Gregory Szorc - Jan. 2, 2017, 11:57 p.m.
# HG changeset patch
# User Gregory Szorc <gregory.szorc@gmail.com>
# Date 1483395249 28800
#      Mon Jan 02 14:14:09 2017 -0800
# Node ID 96837453d041fe7289dd3e6450aee4961517c5b5
# Parent  da38ab97f1f4d312966431a16d1f2acb90b75242
revlog: use compression engine APIs for decompression

Now that compression engines declare their header in revlog chunks
and can decompress revlog chunks, we refactor revlog.decompress()
to use them.

Making full use of the property that revlog compressor objects are
reusable, revlog instances now maintain a dict mapping an engine's
revlog header to a compressor object. This is not only a performance
optimization for engines where compressor object reuse can result in
better performance, but it also serves as a cache of header values
so we don't need to perform redundant lookups against the compression
engine manager. (Yes, I measured and the overhead of a function call
versus a dict lookup was observed.)

This change effectively replaces manual, inline lookup code with a
dict lookup plus extra function call where compression is actually
used.

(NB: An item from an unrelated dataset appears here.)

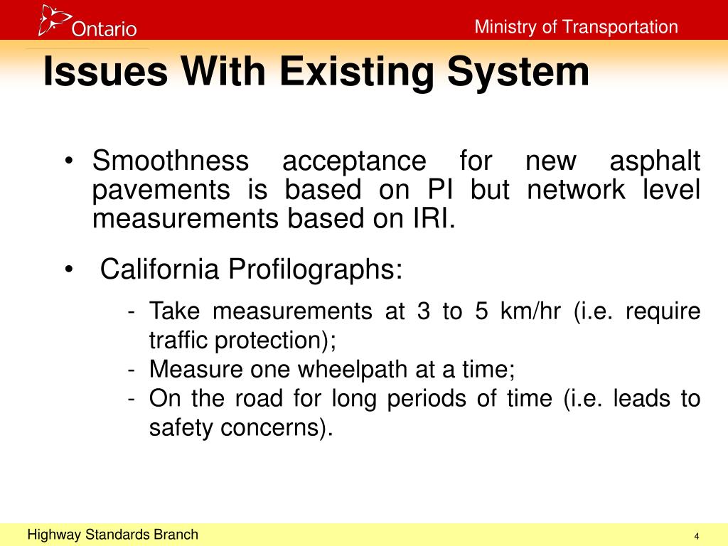 Issues With Existing System • Smoothness acceptance for new asphalt pavements is based on PI but network level measurements based on IRI. • California Profilographs: • - Take measurements at 3 to 5 km/hr (i.e. require traffic protection); • - Measure one wheelpath at a time; • - On the road for long periods of time (i.e. leads to safety concerns).

On the mozilla-unified repository:

$ hg perfrevlogchunks -c
! chunk
! wall 1.955183 comb 1.960000 user 1.930000 sys 0.030000 (best of 6)
! wall 2.003241 comb 2.000000 user 1.960000 sys 0.040000 (best of 5)
! chunk batch
! wall 1.774444 comb 1.770000 user 1.750000 sys 0.020000 (best of 6)
! wall 1.866939 comb 1.850000 user 1.840000 sys 0.010000 (best of 6)

$ hg perfrevlogchunks -m
! chunk
! wall 2.592354 comb 2.600000 user 2.560000 sys 0.040000 (best of 4)
! wall 2.733626 comb 2.730000 user 2.670000 sys 0.060000 (best of 4)
! chunk batch
! wall 2.469384 comb 2.480000 user 2.420000 sys 0.060000 (best of 4)
! wall 2.580613 comb 2.590000 user 2.550000 sys 0.040000 (best of 4)

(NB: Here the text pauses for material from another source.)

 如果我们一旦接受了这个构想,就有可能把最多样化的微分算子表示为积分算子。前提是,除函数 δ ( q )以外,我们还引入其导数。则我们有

We can see this change has a negative impact on performance.

There are 360,210 changelog entries (359,658 or 99.85% zlib compressed
and 552 with the 'u' header). The mean time per decompress() in
non-batch mode increased from 5.428us to 5.561us, a difference of
0.13us or 2.5%.

There are 359,342 manifest entries (242,566 or 67.50% zlib compressed,
116,602 or 32.45% with '\0' header, and 174 or 0.05% that are empty or
have the 'u' header). The mean time per decompress() in non-batch mode
increased from 7.214us to 7.607us, a difference of 0.393us or 5.4%.

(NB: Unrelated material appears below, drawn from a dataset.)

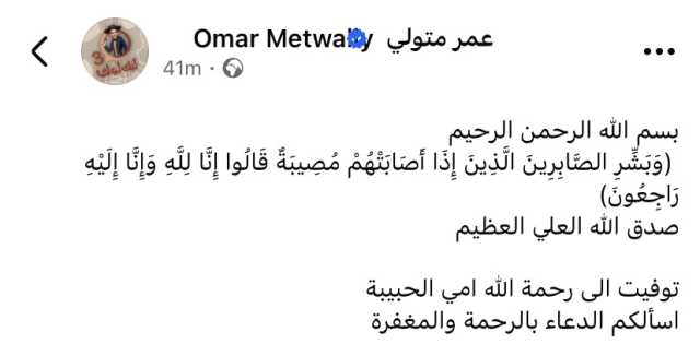 عمر مصطفى متولي ينعى والدته

If we reinsert inline code for "if t == 'x': return decompress(data)",
performance remains unchanged or even becomes faster than before
(if we avoid the checks for '\0' and 'u' before 'x'). My conclusion is
that attribute lookups and function calls in Python can matter for
performance. We've known this to be true, which is why tight loops
leverage local variables to avoid attribute lookups. But I'll be honest:
I was surprised to see this come into play for decompression: I would
have expected time spent in the decompressor to dwarf Python time.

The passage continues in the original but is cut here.